EXERCISE OBJECTIVE
Restate every line of the data word for word, except for the images.

SUPPLIED INFORMATION
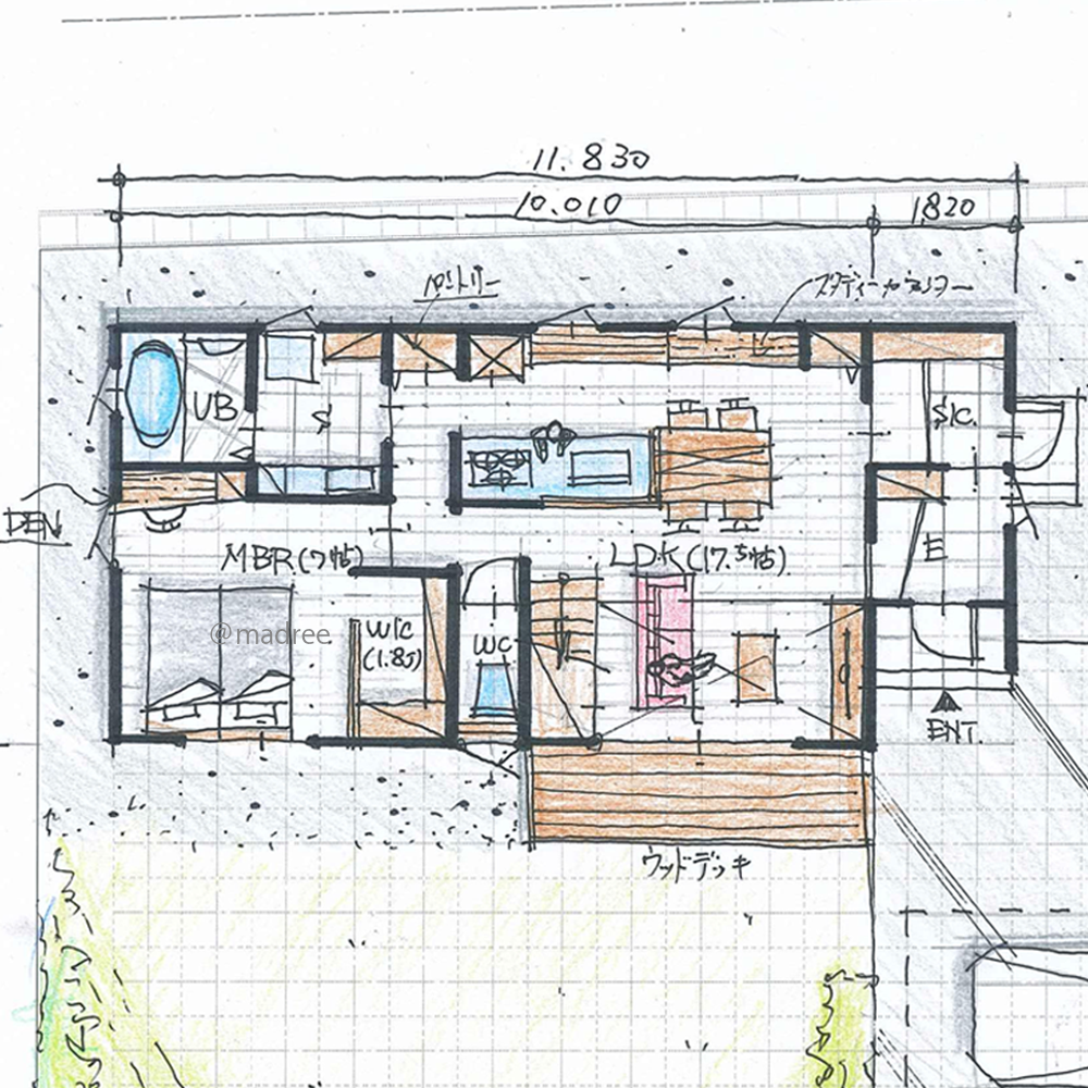 全国の建築家から間取りが集まるmadree(マドリー)で集まった27坪〜30坪、2LDKの間取りです。浴室1坪や外とつながるLDKが特徴の注文住宅の間取りです。
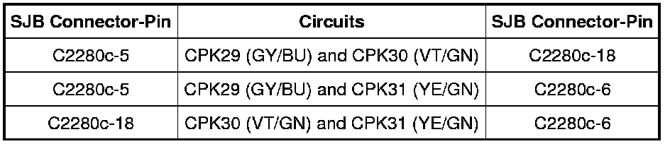 H9 CHECK CIRCUITS CPK29 (GY/BU), CPK30 (VT/GN) AND CPK31 (YE/GN) FOR A SHORT TO EACH OTHER
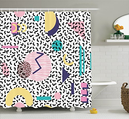 90s Shower Curtain by Ambesonne, Geometric Pattern in Retro Style with Round Half Moon Triangle Shapes Artwork, Fabric Bathroom Decor Set with Hooks, 70 Inches, Navy Yellow Pink

FINISHED TASK
 全国の建築家から間取りが集まるmadree(マドリー)で集まった27坪〜30坪、2LDKの間取りです。浴室1坪や外とつながるLDKが特徴の注文住宅の間取りです。
 H9 CHECK CIRCUITS CPK29 (GY/BU), CPK30 (VT/GN) AND CPK31 (YE/GN) FOR A SHORT TO EACH OTHER
 90s Shower Curtain by Ambesonne, Geometric Pattern in Retro Style with Round Half Moon Triangle Shapes Artwork, Fabric Bathroom Decor Set with Hooks, 70 Inches, Navy Yellow Pink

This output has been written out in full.